GPT-2 training: Sequence length 1024, batch size 512, 300K iterations, cosine LR decay from 1.5e-4 to 1e-5 with 3K warmup steps.

BERT training: Sequence length 1024, batch size 1024, 2M iterations (336M, 1.3B), 1.5M iterations (3.9B), linear LR decay from 1e-4, 10K warmup steps. Whole-word n-gram masking (Joshi et al., 2019); sentence order prediction head (Lan et al., 2019).

Dataset: 174 GB deduplicated text from Wikipedia, CC-Stories, RealNews, OpenWebtext. LSH deduplication at Jaccard similarity > 0.7.

Key Algorithm / Formulation

The MLP block parallel computation:

Given input X, weight matrices A (split by columns: A = [A1, A2]) and B (split by rows: B = [B1; B2]):

GPU 0: Y1 = GeLU(X A1),  Z1 = Y1 B1
GPU 1: Y2 = GeLU(X A2),  Z2 = Y2 B2
Output: Z = AllReduce(Z1 + Z2)  [g operator]

This is exact because column-splitting A allows GeLU to be applied independently (no synchronization point), and the row-split of B means the partial sums can be accumulated via AllReduce. The original approach of row-splitting A would require a synchronization before GeLU since GeLU(XA1 + XA2) ≠ GeLU(XA1) + GeLU(XA2).

Evaluation Methodology

Scaling metric: Weak scaling — baseline is the 1.2B model on 1 GPU achieving 39 TFLOPs (30% of theoretical peak).

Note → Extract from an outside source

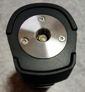 Starting from the top, the 510 plate is screwed on firmly with a contact that is spring-loaded. The external battery is installed through the bottom of the mod and via a vented battery cap that screws on and off. The cap threading is smooth, and the battery cap when screwed in is recessed into the rubberised mod base. And so, you will not have any stability or wobbling issues when the mod is upright. Battery polarities are also clearly marked inside the mod and that is always a pro in my book.
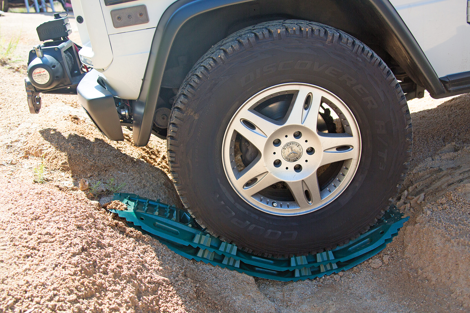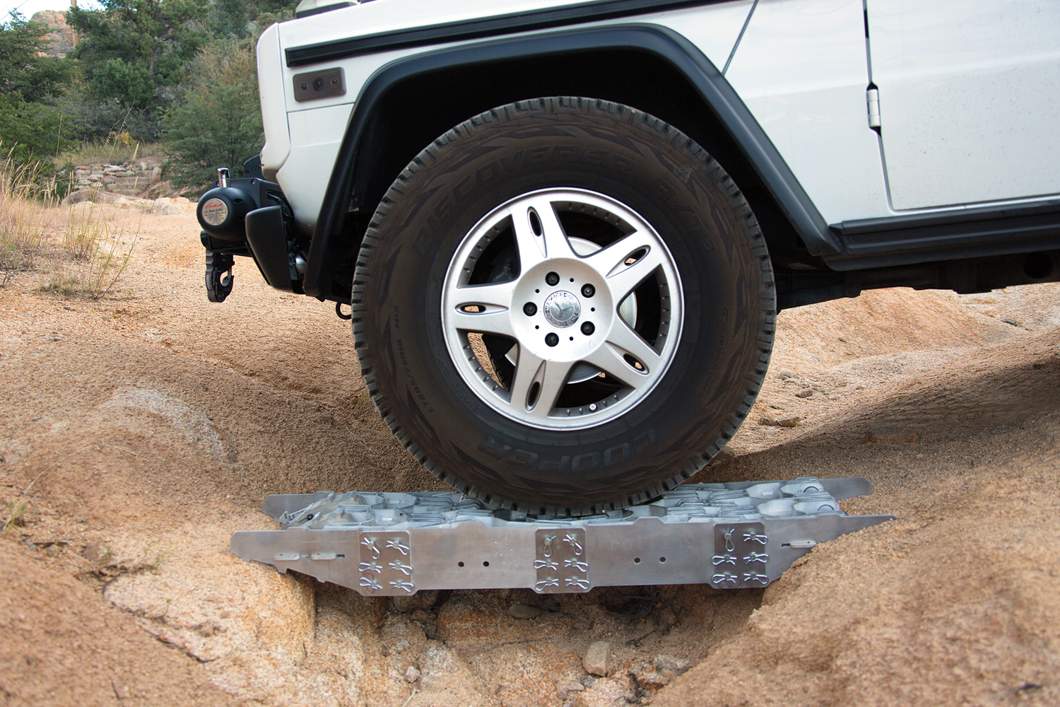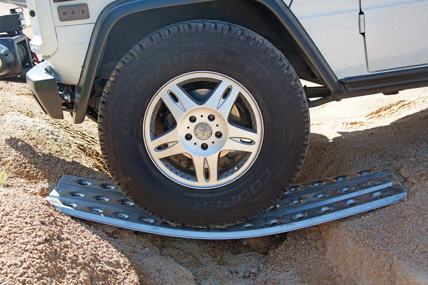 The soft surface test was the most important, as it represents the most likely situation travelers will encounter. Sand on a beach or a muddy trail back to a favorite campsite—getting stuck can happen just about anywhere. The cinders proved to be a better surface than I had hoped and we were able to get a predictable control, the heavy G-Class spinning the passenger front tire and the suspension fully extended. It asked a lot of the products: one failed the test entirely, while others clearly demonstrated their limitations. This test proved the critical attribute of a ramp profile and the need for the tool to be rigid. The less rigid the plank, the more likely it would get pulled through by the tire and fail the test. It also showed the necessity for strong, well-placed studs on both the ramp and the flat surface of the product.

Larger models are trained on proportionally more GPUs, keeping parameters-per-GPU roughly constant.

Strong scaling: Fixed batch size of 8, increase GPU count from 1 to 8 for the 1.2B model. Measures pure parallelization speedup.

Language modeling: Zero-shot evaluation on WikiText103 (perplexity) and LAMBADA (cloze accuracy).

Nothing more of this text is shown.